*** Dataset extract Section Begins ***

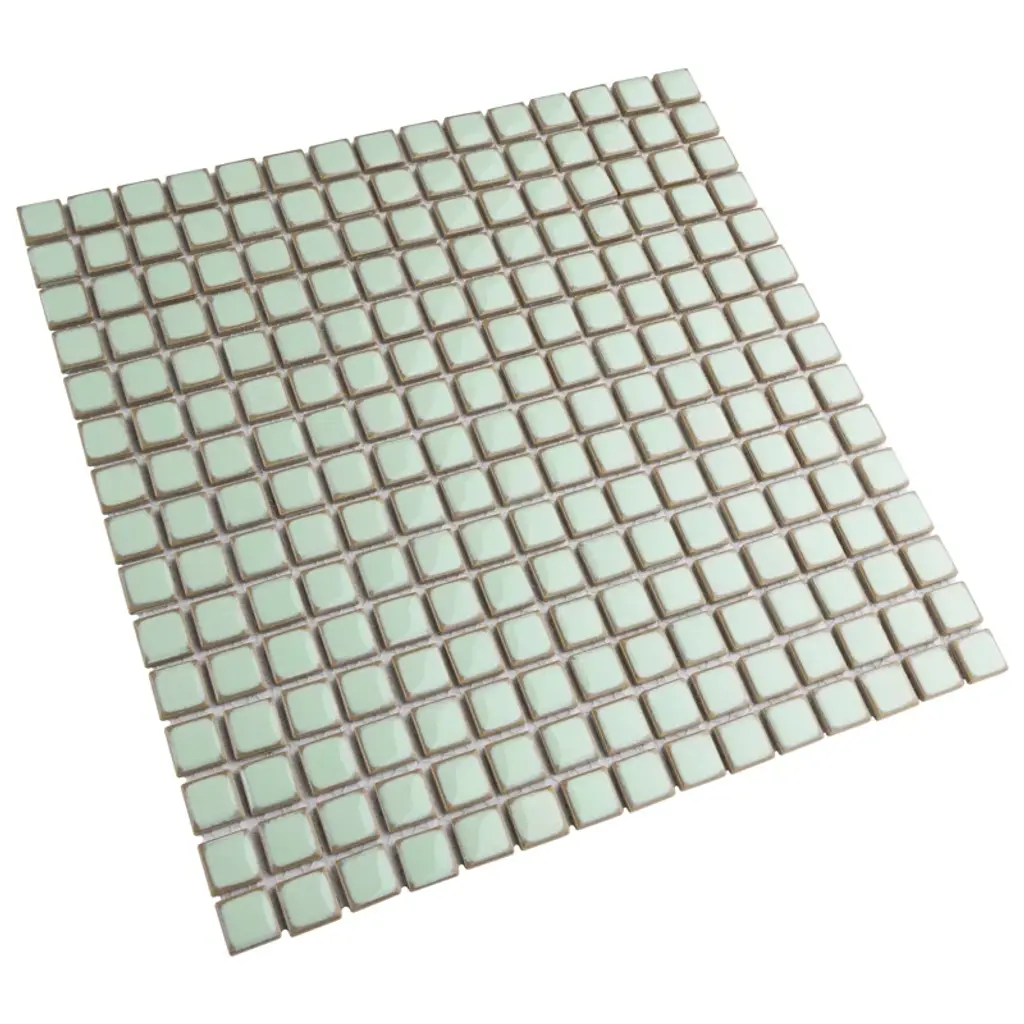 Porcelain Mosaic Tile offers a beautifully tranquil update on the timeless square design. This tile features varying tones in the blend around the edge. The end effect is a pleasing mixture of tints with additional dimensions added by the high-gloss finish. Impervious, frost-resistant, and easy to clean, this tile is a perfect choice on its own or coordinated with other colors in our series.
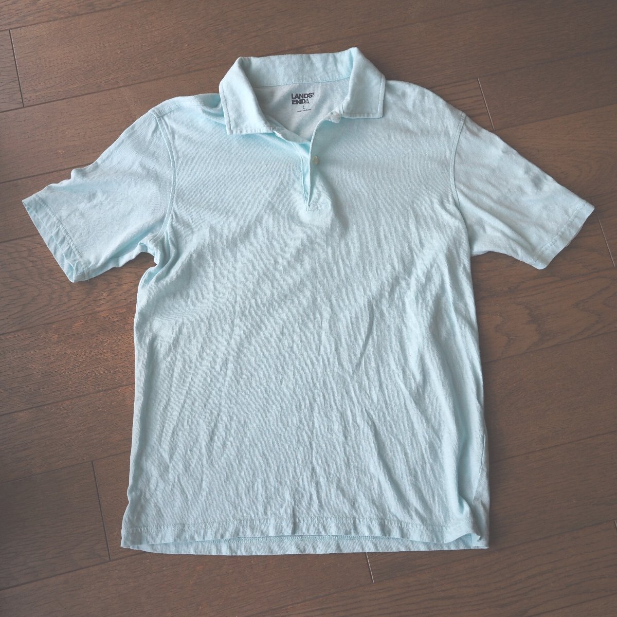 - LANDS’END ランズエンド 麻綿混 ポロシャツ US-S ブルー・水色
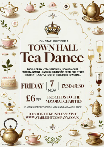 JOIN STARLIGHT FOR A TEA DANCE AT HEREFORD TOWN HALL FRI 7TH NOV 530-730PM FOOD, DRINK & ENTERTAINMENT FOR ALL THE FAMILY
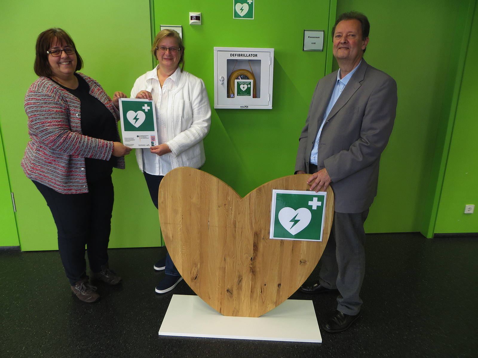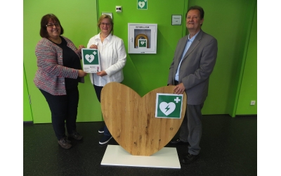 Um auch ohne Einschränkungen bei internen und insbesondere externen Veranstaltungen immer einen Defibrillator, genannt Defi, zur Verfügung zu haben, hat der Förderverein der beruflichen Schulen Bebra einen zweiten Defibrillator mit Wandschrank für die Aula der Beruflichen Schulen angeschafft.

*** Dataset extract Section Ends ***

■ What you need to do
Give back all the material exactly, with no pictures.

■ Your solution
 Porcelain Mosaic Tile offers a beautifully tranquil update on the timeless square design. This tile features varying tones in the blend around the edge. The end effect is a pleasing mixture of tints with additional dimensions added by the high-gloss finish. Impervious, frost-resistant, and easy to clean, this tile is a perfect choice on its own or coordinated with other colors in our series.
 - LANDS’END ランズエンド 麻綿混 ポロシャツ US-S ブルー・水色
 JOIN STARLIGHT FOR A TEA DANCE AT HEREFORD TOWN HALL FRI 7TH NOV 530-730PM FOOD, DRINK & ENTERTAINMENT FOR ALL THE FAMILY
 Um auch ohne Einschränkungen bei internen und insbesondere externen Veranstaltungen immer einen Defibrillator, genannt Defi, zur Verfügung zu haben, hat der Förderverein der beruflichen Schulen Bebra einen zweiten Defibrillator mit Wandschrank für die Aula der Beruflichen Schulen angeschafft.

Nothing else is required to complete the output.